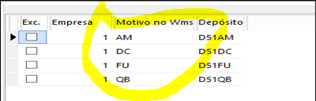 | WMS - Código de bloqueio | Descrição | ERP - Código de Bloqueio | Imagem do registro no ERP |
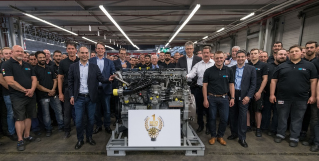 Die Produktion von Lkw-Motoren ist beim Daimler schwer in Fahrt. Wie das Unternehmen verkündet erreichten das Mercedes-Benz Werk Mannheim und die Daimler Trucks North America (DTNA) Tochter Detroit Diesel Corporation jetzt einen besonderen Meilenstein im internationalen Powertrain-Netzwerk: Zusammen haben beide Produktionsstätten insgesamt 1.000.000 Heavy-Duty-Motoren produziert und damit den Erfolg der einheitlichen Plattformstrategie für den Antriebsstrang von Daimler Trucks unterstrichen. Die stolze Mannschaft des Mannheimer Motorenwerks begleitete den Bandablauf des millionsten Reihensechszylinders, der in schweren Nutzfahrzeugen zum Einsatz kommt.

...

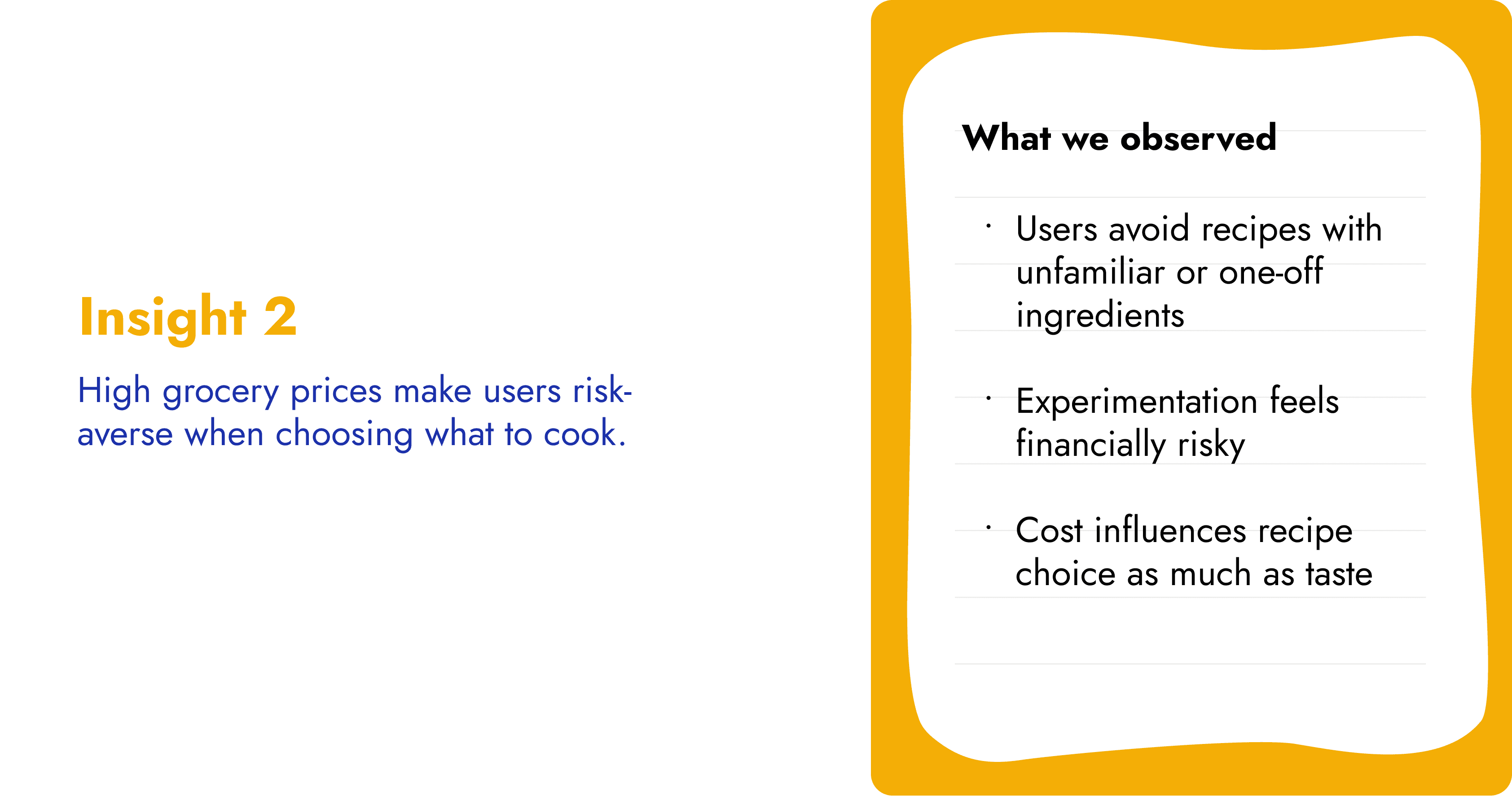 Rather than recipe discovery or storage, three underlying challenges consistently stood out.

◆ **Requirement**
Out of the records above, please copy exactly the lines from the line with "registro no ERP |" up to and including the line with "Die Produktion von", minus the pictures.

◆ **Reply**
 | WMS - Código de bloqueio | Descrição | ERP - Código de Bloqueio | Imagem do registro no ERP |
 Die Produktion von Lkw-Motoren ist beim Daimler schwer in Fahrt. Wie das Unternehmen verkündet erreichten das Mercedes-Benz Werk Mannheim und die Daimler Trucks North America (DTNA) Tochter Detroit Diesel Corporation jetzt einen besonderen Meilenstein im internationalen Powertrain-Netzwerk: Zusammen haben beide Produktionsstätten insgesamt 1.000.000 Heavy-Duty-Motoren produziert und damit den Erfolg der einheitlichen Plattformstrategie für den Antriebsstrang von Daimler Trucks unterstrichen. Die stolze Mannschaft des Mannheimer Motorenwerks begleitete den Bandablauf des millionsten Reihensechszylinders, der in schweren Nutzfahrzeugen zum Einsatz kommt.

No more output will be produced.